From conservation of linear momentum along $x$-direction.
$ \begin{aligned} p _i & =p _f \\ \Rightarrow \quad \sqrt{2 K m} & =\sqrt{2(4 m) K _2} \cos \theta \quad …….(i) \end{aligned} $
Similarly, applying conservation of linear momentum in $y$-direction, we have
$ \sqrt{2 K _1 m}=\sqrt{2(4 m) K _2} \sin \theta \quad …….(ii) $
Squaring and adding Eqs. (i) and (ii), we get
$ \begin{aligned} K+K _1 & =4 K _2 \quad …….(iii) \\ \text { or } \quad 4 K _2-K _1 & =K=65 eV \quad …….(iv) \end{aligned} $
Now, during collision, electron can be excited to any higher energy state.
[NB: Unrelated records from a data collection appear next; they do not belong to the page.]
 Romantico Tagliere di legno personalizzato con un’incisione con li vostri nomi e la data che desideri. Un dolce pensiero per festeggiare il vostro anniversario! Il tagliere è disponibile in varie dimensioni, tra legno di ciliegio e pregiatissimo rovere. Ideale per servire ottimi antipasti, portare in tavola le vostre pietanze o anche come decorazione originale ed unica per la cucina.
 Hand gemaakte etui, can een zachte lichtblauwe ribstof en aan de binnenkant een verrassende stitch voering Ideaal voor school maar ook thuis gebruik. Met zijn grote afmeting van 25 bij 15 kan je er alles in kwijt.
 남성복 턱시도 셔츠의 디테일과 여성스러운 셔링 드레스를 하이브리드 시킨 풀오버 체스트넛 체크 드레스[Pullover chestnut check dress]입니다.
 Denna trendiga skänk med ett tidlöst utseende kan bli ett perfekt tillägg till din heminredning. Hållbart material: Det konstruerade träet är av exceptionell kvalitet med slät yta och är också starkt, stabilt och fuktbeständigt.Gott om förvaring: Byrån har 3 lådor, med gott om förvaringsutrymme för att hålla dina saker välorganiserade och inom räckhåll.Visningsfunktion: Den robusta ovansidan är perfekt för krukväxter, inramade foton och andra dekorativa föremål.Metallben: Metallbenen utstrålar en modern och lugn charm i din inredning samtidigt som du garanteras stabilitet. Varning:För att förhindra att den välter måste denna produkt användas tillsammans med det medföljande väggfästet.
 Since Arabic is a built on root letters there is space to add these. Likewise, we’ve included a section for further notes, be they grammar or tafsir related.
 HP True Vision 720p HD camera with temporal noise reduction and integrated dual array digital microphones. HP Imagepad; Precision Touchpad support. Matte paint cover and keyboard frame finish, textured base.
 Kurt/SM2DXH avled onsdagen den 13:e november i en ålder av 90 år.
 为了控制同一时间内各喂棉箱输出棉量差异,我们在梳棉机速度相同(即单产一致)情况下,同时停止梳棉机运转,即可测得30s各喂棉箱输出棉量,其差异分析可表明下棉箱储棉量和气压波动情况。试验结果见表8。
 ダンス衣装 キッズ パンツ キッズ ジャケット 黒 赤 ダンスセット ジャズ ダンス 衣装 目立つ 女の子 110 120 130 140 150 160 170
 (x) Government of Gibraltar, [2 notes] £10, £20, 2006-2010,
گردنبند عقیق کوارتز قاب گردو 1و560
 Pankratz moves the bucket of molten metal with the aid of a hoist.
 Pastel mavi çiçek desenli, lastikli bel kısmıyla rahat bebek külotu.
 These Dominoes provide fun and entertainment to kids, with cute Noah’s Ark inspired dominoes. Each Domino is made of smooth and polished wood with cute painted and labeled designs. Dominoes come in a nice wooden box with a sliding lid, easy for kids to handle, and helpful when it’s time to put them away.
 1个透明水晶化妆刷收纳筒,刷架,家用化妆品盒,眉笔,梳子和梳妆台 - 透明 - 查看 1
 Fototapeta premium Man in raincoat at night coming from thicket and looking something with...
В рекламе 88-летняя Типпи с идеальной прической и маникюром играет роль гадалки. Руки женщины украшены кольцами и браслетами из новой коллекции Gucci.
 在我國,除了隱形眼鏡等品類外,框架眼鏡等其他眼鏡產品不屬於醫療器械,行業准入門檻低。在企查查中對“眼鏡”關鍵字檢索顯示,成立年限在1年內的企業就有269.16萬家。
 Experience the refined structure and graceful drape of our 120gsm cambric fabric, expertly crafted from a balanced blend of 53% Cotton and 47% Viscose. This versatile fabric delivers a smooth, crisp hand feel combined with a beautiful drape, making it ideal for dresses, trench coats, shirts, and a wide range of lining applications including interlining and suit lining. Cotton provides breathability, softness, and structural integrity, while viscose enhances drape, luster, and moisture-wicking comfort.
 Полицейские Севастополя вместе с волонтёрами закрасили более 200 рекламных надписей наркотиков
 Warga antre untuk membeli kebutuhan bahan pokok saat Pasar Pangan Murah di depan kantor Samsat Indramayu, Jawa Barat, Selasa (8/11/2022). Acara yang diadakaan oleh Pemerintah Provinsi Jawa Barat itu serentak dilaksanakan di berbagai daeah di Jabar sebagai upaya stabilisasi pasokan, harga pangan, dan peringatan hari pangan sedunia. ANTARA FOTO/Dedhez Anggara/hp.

Applying conservation of energy, we get $K=K _1+K _2+\Delta E$
or $\quad 65=K _1+K _2+\Delta E \quad …….(v)$
$\Delta E$ can have the following values,
$ \Delta E _1=\{-13.6-(-54.4)\} eV=40.8 eV $
Substituting in (v), we get
$ K _1+K _2=24.2 eV \quad …….(vi) $
Solving (iv) and (vi), we get
$ \begin{array}{ll} & K _1=6.36 eV \\ \text { and } & K _2=17.84 eV \end{array} $
Similarly, when we put $\Delta E=\Delta E _2$
$ \begin{aligned} & =\{-6.04-(-54.4)\} eV \\ & =48.36 eV \end{aligned} $
Put in Eq. (v), we get
$ K _1+K _2=16.64 eV \quad …….(vii) $
Solving Eqs. (iv) and (vii), we get
$ K _1=0.312 $ $eV \text { and } K _2=16.328$ $ eV $
Similarly, when we put
$ \Delta E=\Delta E _3=\{-3.4-(-54.4)\}=51 $ $eV $
Put in Eq. (v), we get
$ K _1+K _2=14 $ $eV \quad …….(viii) $
Now, solving Eqs. (iv) and (viii), we get
$ K _1=-1.8 eV \text { and } K _2=15.8 $ $eV $
But since the kinetic energy cannot have the negative values, the electron will not jump to third excited state or $n=4$.
Therefore, the allowed values of $K _1$ ( $KE$ of neutron) are $6.36 $ $eV$ and $0.312 $ $eV$ and of $K _2$ (KE of the atom) are $ 17.84 $ $eV$ and $16.328 $ $eV$ and the electron can jump upto second excited state only $(n=3)$.
(b) Possible emission lines are only three as shown in figure. The corresponding frequencies are
$ v _1=\frac{\left(E _3-E _2\right)}{h} $
$ \begin{aligned} &=\frac{\{-6.04-(-13.6)\} \times 1.6 \times 10^{-19}}{6.63 \times 10^{-34}}\\ & =1.82 \times 10^{15} Hz \\ v _2 & =\frac{E _3-E _1}{h}=\frac{\{-6.04-(-54.4)\} \times 1.6 \times 10^{-19}}{6.63 \times 10^{-34}} \\ & =11.67 \times 10^{15} Hz \\ \text { and } \quad v _3 & =\frac{E _2-E _1}{h} \\ & =\frac{\{-13.6-(-54.4)\} \times 1.6 \times 10^{-19}}{6.63 \times 10^{-34}} \\ & =9.84 \times 10^{15} Hz \end{aligned} $
Hence, the frequencies of emitted radiations are $1.82 \times 10^{15} $ $Hz, 11.67 \times 10^{15} $ $Hz$ and $9.84 \times 10^{15} $ $Hz$.